TASK TO CARRY OUT: An exact transcription is needed, beginning at the line with "ㅇ 교통약자 시각에서 심도 있는 분석을 위해 가상의 사용자 3명 선정" and ending at the last line of the listing, with pictures left out and nothing else added.
===== RECORDED INFORMATION =====
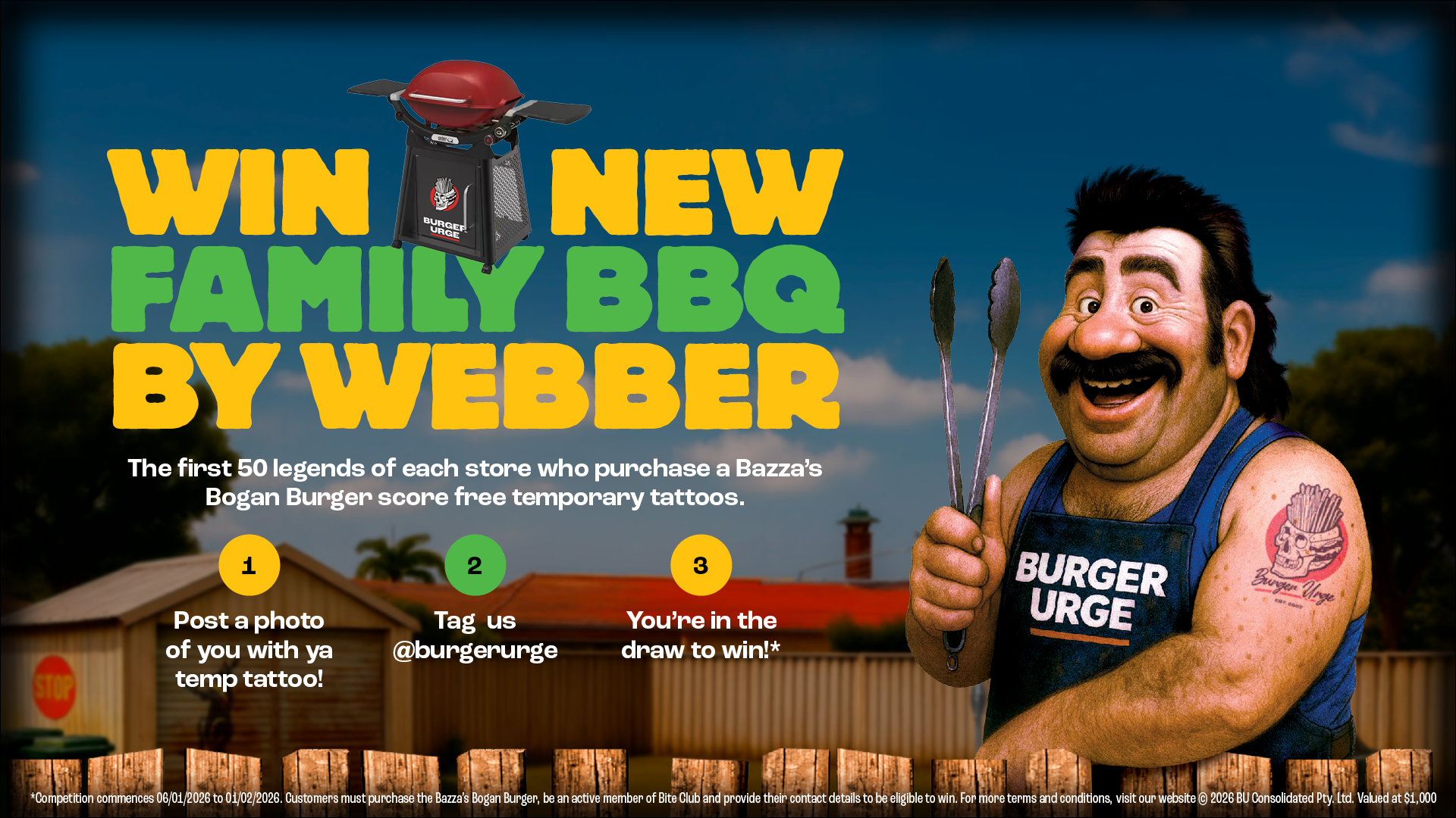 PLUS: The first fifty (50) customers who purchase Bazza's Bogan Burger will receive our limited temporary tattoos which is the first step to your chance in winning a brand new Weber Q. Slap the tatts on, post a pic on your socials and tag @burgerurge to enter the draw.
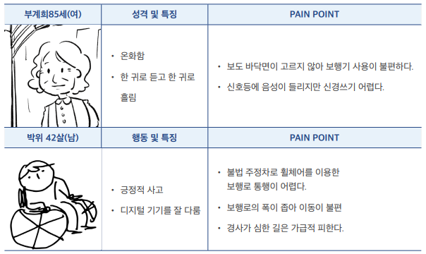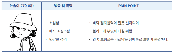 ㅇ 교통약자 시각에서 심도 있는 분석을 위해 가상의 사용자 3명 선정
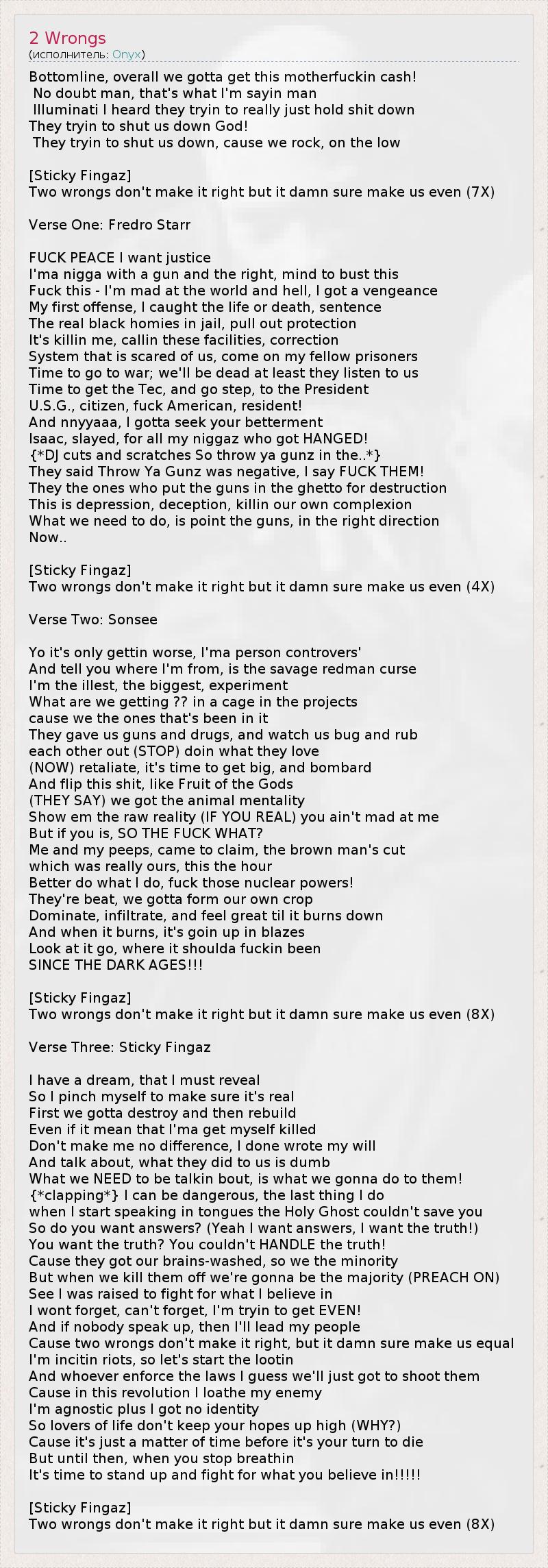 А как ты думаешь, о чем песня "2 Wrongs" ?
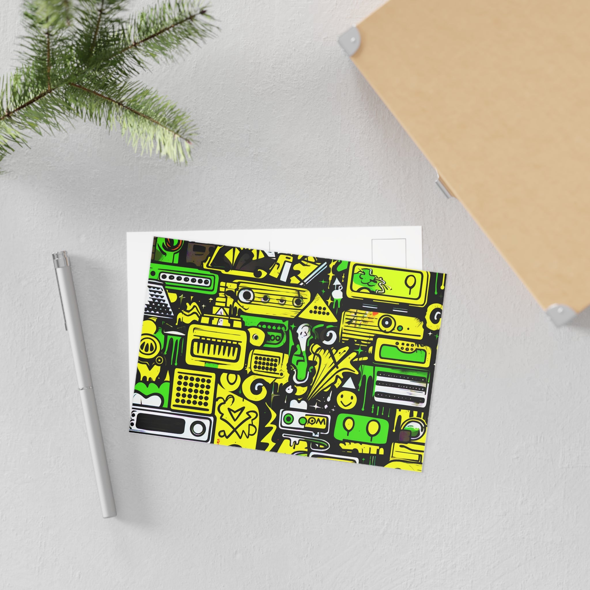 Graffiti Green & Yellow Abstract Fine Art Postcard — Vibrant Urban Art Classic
=====
THE COMPLETED TASK:
 ㅇ 교통약자 시각에서 심도 있는 분석을 위해 가상의 사용자 3명 선정
 А как ты думаешь, о чем песня "2 Wrongs" ?
 Graffiti Green & Yellow Abstract Fine Art Postcard — Vibrant Urban Art Classic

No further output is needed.